At the Bryman School in Phoenix, Terri Brown's 13-month dental assisting degree program involved other classes besides dental. She also took English, math, career development, law and ethics, computers, communications and management classes.

"In dental," says Brown, "we [studied] chairside, X-ray, surgical, CPR and office procedures; orthodontics, endodontics [diseases of the pulp], periodontics [diseases of the gums and other structures], amalgam and composite fillings; crowns, charting, sterilization of instruments and the operatory."

The program also included a six-week practicum.

After working as a dental assistant, Andrea Blakie decided that dental hygiene was a better path for her. "You get to have more of a say in things as a dental hygienist," she says.

She took a two-year dental hygiene program at a community college. She found the workload really stressful.

"You go to school from 8 in the morning until 4 in the afternoon, but as the semester progresses, you're sometimes in school or working in the clinic until 8:30." She estimates that homework took about three hours a night.

How to Prepare

Blakie says her dental assisting background gave her a definite edge in the dental hygiene program.

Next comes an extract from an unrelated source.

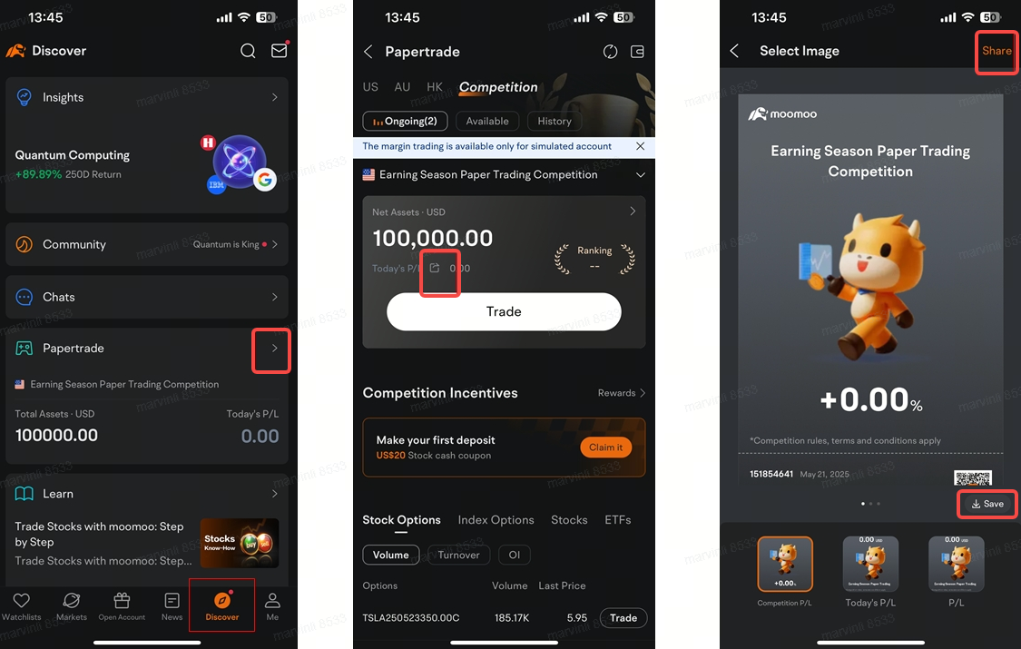 step2. 保存比賽收益圖(或直接分享),併發布一條Instagram post,正文@moomoo_anz

"Friends who've gone straight into the program from high school find it really hard, since professors in the program often think you should know things which you learn about in dental assisting," she says. In some cases, a dental hygiene program may be shorter for those with previous dental assisting training than for those who enter without it.

Blakie recommends that high school students take biology, chemistry, English and communications classes.

Brown advises those interested in dental assisting to check out their local library or bookstore for books on dentistry. "If at all possible," she adds, "try and get a part-time job with a dentist."